What is Speculative Sound Synthesis? To understand this concept, let's first examine the term "speculative."

Commonly, "speculation" carries a negative connotation. It's often understood as unfounded conjecture or theory detached from practical experience. However, our approach embraces a different understanding of the term.

Our interpretation draws from philosopher and physicist Alfred N. Whitehead's more positive conception of speculation. Whitehead describes it as a three-part process:

"It starts from the ground of particular observation; it makes a flight in the thin air of imaginative generalization; and it again lands for renewed observation rendered acute by rational interpretation" (Whitehead, 2010, p. 5).

This vivid, physical metaphor presents speculation as a method for transcending current situations through imagination. Unlike traditional scientific methods that rely on induction or deduction, Whitehead's speculation offers a dynamic approach to furthering knowledge – one that combines careful observation with imaginative leaps.

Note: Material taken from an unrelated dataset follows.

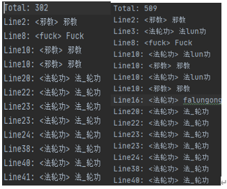 当屏蔽字为中文的时候,当文章也为中文相同的字时和英文的情况相同。当文章为拼音时将关键字转化为拼音进行比较,同音字部分和偏旁部分没有实现。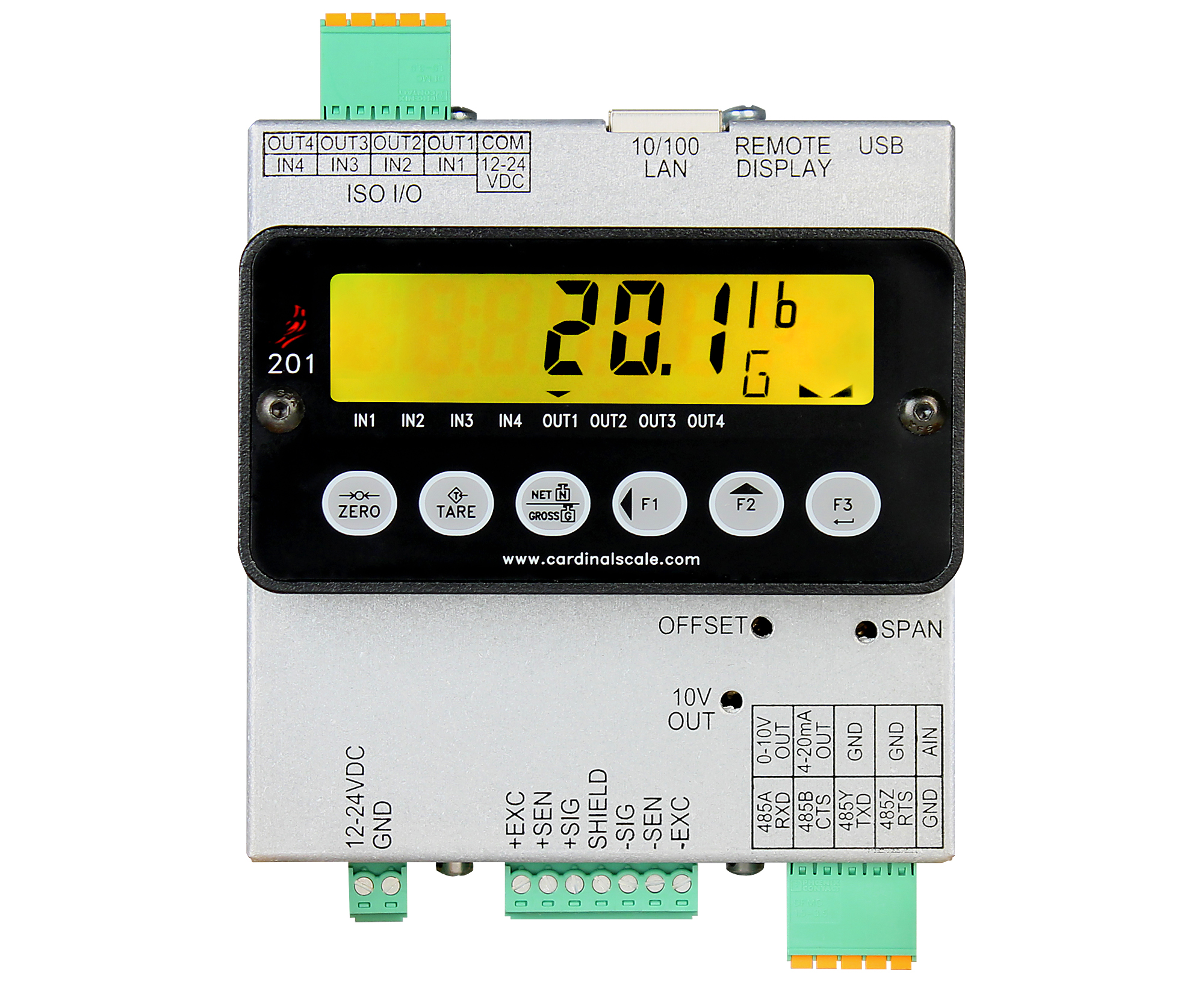 The 201 weight transmitter is a fast, accurate instrument for process control-based static and dynamic weighing applications capable of powering up to eight 350-ohm load cells and comes with a 35-mm DIN rail mounting bracket. The 201 transmitter features a 0.5-inch-high, six-digit, transflective LCD display with up to seven different colors and is viewable in all lighting levels from direct light to total darkness. A variety of mounting options and ColorZONE control options make it ideal for quick visual verification of weight status. The 201 offers sample rates of up to 200 samples per second and standard communication protocols include serial interface RS232/RS485, mini USB-B, Analog (0-10V or 4-20mA), Ethernet TCP/IP, EIP, and Modbus TCP, making it easy to connect to a PC, PLC, and other smart devices. NTEP, Measurement Canada, CE, and UL.

From this perspective, Speculative Sound Synthesis emerges as an artistic practice that seeks to transcend conventional approaches to sound creation and composition. Rephrasing Whitehead's three-part process, it becomes a practice in which the technological factors conditioning sound synthesis are examined, then re-imagined, or even subverted, and finally transformed into raw material for new aesthetic artifacts.

The project

Speculative Sound Synthesis is an ongoing artistic research project launched in 2022 at the Institute of Electronic Music and Acoustics (IEM) of the University of Music and Performing Arts Graz. The project aims to advance the fields of computer music, electronic music, and sound art – practices where the development, implementation, and composition of sound synthesis techniques (both analog and digital) play central aesthetic and artistic roles.

At its core, the project examines the complex interplay between artistic practice and technology. Historically, technological advances in electronic and computer music have opened new creative possibilities for composers while simultaneously introducing certain constraints and habits. The standardization, modularization, and control mechanisms inherent in technology have significantly shaped – and sometimes limited – artistic practice.

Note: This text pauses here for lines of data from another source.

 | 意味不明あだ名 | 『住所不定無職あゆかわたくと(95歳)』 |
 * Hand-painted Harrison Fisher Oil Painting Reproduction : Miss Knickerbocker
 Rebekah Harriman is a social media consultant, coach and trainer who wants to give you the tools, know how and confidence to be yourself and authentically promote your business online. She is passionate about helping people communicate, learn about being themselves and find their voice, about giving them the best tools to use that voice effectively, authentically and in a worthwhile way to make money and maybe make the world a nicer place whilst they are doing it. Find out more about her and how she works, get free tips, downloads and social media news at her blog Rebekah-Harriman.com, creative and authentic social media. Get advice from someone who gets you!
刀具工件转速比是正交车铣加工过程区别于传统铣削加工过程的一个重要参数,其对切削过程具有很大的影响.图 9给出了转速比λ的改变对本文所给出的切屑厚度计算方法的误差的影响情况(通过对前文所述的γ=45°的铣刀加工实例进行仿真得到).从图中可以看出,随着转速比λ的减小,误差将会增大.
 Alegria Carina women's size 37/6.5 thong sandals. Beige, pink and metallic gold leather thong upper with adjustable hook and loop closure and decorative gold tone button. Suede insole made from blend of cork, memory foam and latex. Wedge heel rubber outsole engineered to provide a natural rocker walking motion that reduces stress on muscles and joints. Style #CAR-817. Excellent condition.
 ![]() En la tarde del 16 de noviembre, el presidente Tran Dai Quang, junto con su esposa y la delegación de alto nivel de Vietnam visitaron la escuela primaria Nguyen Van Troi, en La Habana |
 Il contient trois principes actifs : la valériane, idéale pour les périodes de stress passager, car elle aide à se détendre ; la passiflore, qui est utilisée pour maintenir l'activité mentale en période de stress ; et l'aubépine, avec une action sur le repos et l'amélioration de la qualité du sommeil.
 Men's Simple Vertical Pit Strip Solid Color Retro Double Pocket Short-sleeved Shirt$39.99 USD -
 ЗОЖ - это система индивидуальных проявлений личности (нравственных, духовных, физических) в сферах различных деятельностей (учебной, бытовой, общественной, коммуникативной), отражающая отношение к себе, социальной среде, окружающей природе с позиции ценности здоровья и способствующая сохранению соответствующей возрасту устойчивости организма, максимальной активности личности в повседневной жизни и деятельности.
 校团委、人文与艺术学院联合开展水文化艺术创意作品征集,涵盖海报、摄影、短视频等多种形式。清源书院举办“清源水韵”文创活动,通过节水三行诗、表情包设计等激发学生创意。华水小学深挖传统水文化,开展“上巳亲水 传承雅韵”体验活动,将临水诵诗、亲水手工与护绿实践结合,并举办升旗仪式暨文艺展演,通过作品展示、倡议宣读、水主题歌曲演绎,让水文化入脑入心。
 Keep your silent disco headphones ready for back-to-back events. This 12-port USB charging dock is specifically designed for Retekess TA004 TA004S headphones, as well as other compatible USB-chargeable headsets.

By challenging the relation between technological and artistic practice and what often appears to be a unidirectional, passive connection, the project aims at renegotiating what appear to be unquestioned (and often unseen) boundaries and standards.

While incorporating theoretical reflection, the project is primarily practice-based and extends beyond theoretical or textual propositions. We consider the creation of aesthetic artifacts as an essential component that complements, advances, or serves as the foundation for further reflection. We are particularly interested in how speculative thought manifests in artistic practice and materializes within aesthetic artifacts – works that should, in turn, spark speculative thinking in their audience.

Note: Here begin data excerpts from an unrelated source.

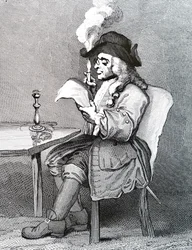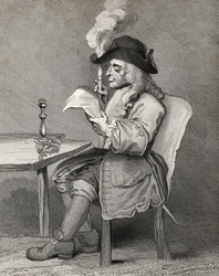 male · full length · seated · profile · caricature · candle · hat on fire · absent-minded · reading · engrossed · unaware · georgian · humour · humorous · satire · satirical · accident · Private Collection / Bridgeman Images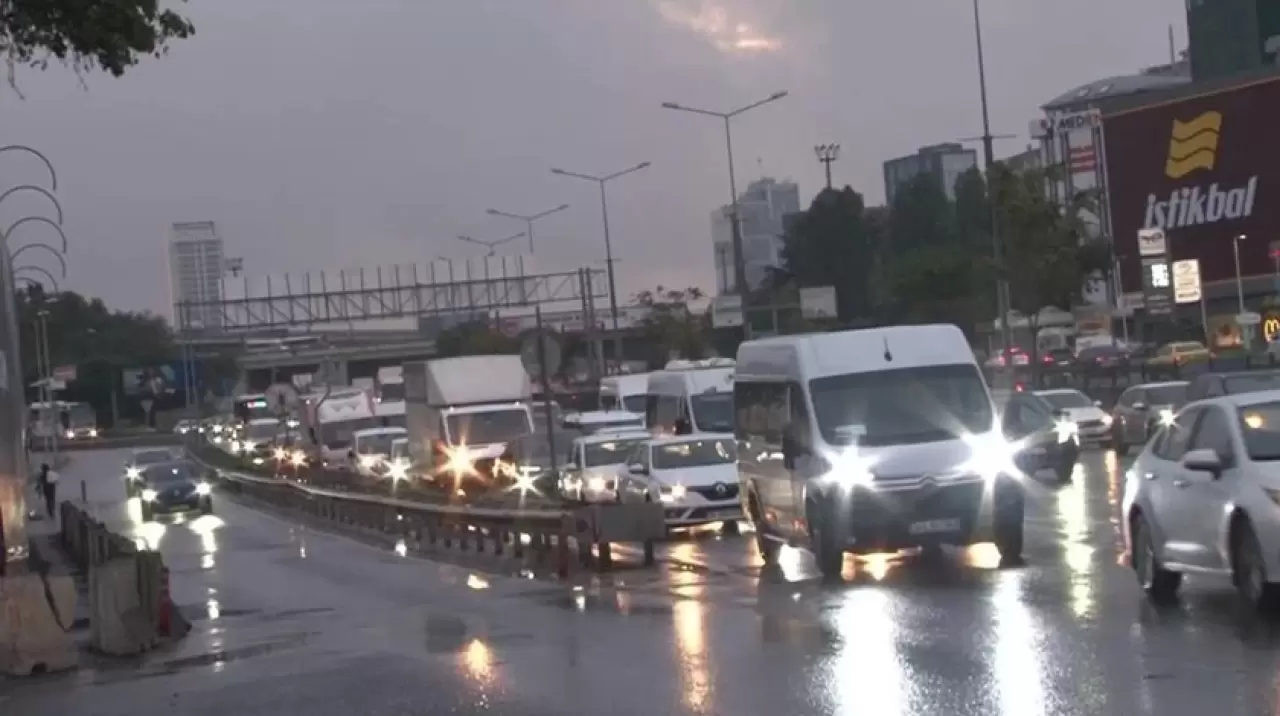 Yağış nedeniyle otobüs duraklarında yoğunluk oluşurken, trafikte de yer yer aksamalar meydana geldi.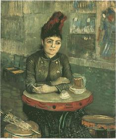 | VINCENT VAN GOGH "Vrouw aan een tafeltje in het café Aux Tambourins", 1887 Parijse periode : Meer licht en heldere kleuren, néo-impressionistische invloeden. | |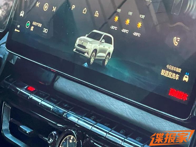 进入车内,本次新车内部基本上已经完全呈现在了镜头之下,预计基本达到量产状态。可以看到,新车配备了一块尺寸宽大的中控屏,下方保留了一排物理按键,空调出风口中间位置还配有时钟。从屏幕内部的模型我们可以隐约看到坦克800的外观细节设计。

This speculative approach builds upon a rich historical tradition. Experimental composers such as Alvin Lucier, John Cage, and Iannis Xenakis have all engaged in what might, retroactively, be considered speculative practices, each in their distinctive way. While acknowledging these precedents, we seek to expand and reinterpret these approaches for contemporary contexts, maintaining an open and evolving understanding of how speculation can be conceived and performed.

With this spirit of openness, we invite artists to share and expand their practices through speculative approaches. The project serves as a framework that provides space for artists who share a fundamentally experimental and questioning attitude.

In addition to the artistic research works of the project's core team, we offer commissions for artistic research works, some of which are already available on the project's website. We also provide opportunities for other artists and researchers to exhibit their works, such as through workshops or during the international Symposium held from September 26-28, 2024. In keeping with our commitment to openness, complete video documentation of this event, along with written documentation from all participating authors, is publicly available on the "Speculative Sound Synthesis Symposium" website.

Video URL
Documentation of the "Speculative Sound Synthesis Symposium", September 2024

Adam Pulz Melbye - Kin: Speculative Evolutionary Algorithms

Kin, a commissioned sound installation by musician and sound artist Adam Pulz Melbye, exemplifies speculative sound synthesis in practice.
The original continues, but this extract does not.